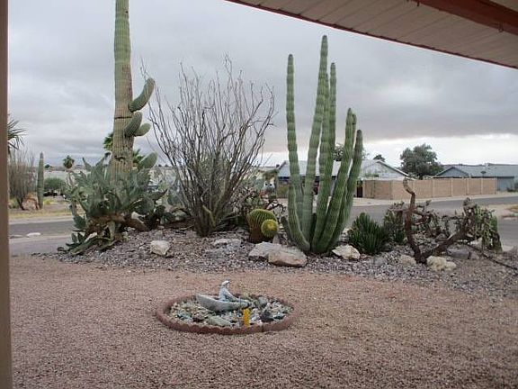 This home has a southwestern flair. The colors of turquoise and pink are carried throughout the living room, kitchen and family room. All the furniture and furnishings are staying with the sale of the house. The vaulted ceiling adds to the opening feeling of the living/dining room area. The back covered patio has a hot tub and a privacy wall. There is also a water feature that adds a soothing sound.
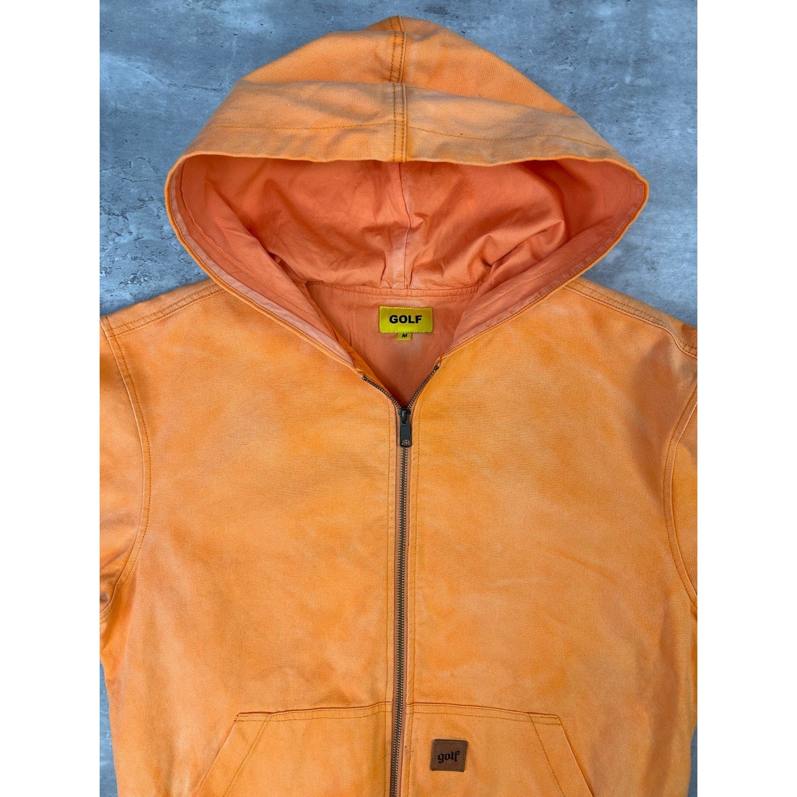 GOLF Workwear Style Canvas Full Zip Hooded Bomber Jacket Size Medium Orange
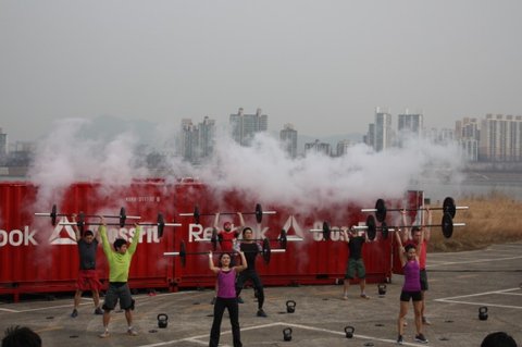 후에 전문 크로스피터들이 크로스핏 시범을 보였는데
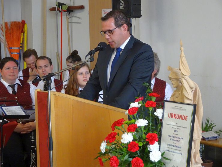 Bgm. Ing. Sabbata-Valteiner bedankte sich in seinen Worten über die ständige Einsatzbereitschaft der Feuerwehren und bei den vielen freiwilligen Helfern ohne die es nicht möglich wäre, ein solches Fest auf die Beine zu stellen. Weiters gratulierte er der Feuerwehr Wampersdor zum 140. Geburtstag. In einem Kurzrückblick der Investitionen, der Marktgemeinde Pottendorf in die Feuerwehren des Unterabschnittes, resümierte Sabbata-Valteiner über die zahlreichen unterschiedlichen Einsätze, die nur durch eine moderne und zeitgemäße Ausrüstung abgearbeitet werden können.
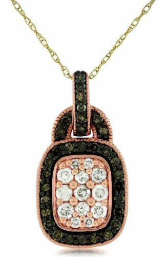 .58CT WHITE & CHOCOLATE FANCY DIAMOND 14KT ROSE GOLD CLUSTER SQUARE FUN PENDANT
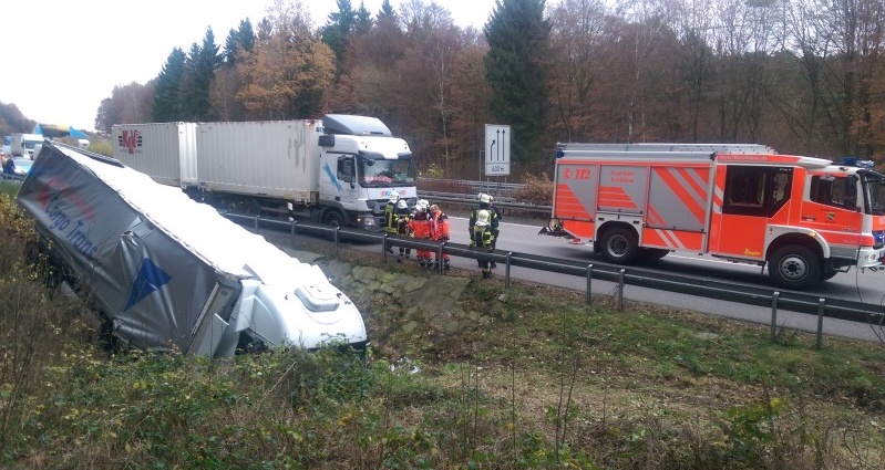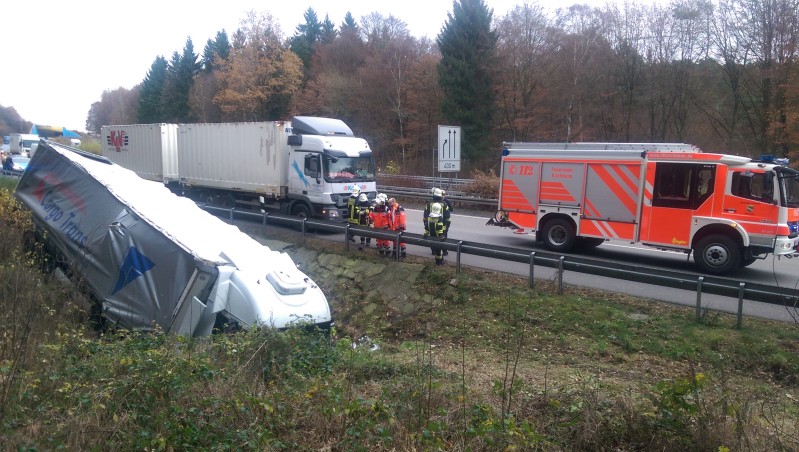 Der Sattelzug rutschte nach rechts über die Standspur in einen Flutgraben und von dort bergab fast 100 Meter weiter bis zu einem Wasserdurchlauf, der unter der A7 hindurch führt. Ersthelfer, die sofort an der Unfallstelle anhielten, befreiten den Fahrer über eine eingeschlagene Scheibe der Fahrertür und übergaben ihn dem Rettungsdienst. Ein Rettungswagen brachte den verletzten Fahrer in ein nahe gelegenes Krankenhaus. Die Feuerwehr aus Kirchheim rückte aus, da zuerst vermutet wurde, das der Fahrer in seinem Fahrzeug eingeklemmt ist. Die Bergung des Sattelzuges wird vermutlich mehrere Stunden andauern, da der komplette Sattelzug im Flutgraben eingekeilt ist. Ob Betriebsstoffe in das Erdreich gelaufen sind kann erst festgestellt werden, wenn die Bergung des Sattelzuges vorgenommen wird. Über die Höhe des Sachschadens konnten noch keine Angaben gemacht werden.

========================================================================

Task | Using the material above, transcribe exactly the lines from the one holding "Bgm. Ing. Sabbata-Valteiner" to the one holding "SQUARE FUN PENDANT", both ends kept. Do not carry over any pictures.

Written answer |
 Bgm. Ing. Sabbata-Valteiner bedankte sich in seinen Worten über die ständige Einsatzbereitschaft der Feuerwehren und bei den vielen freiwilligen Helfern ohne die es nicht möglich wäre, ein solches Fest auf die Beine zu stellen. Weiters gratulierte er der Feuerwehr Wampersdor zum 140. Geburtstag. In einem Kurzrückblick der Investitionen, der Marktgemeinde Pottendorf in die Feuerwehren des Unterabschnittes, resümierte Sabbata-Valteiner über die zahlreichen unterschiedlichen Einsätze, die nur durch eine moderne und zeitgemäße Ausrüstung abgearbeitet werden können.
 .58CT WHITE & CHOCOLATE FANCY DIAMOND 14KT ROSE GOLD CLUSTER SQUARE FUN PENDANT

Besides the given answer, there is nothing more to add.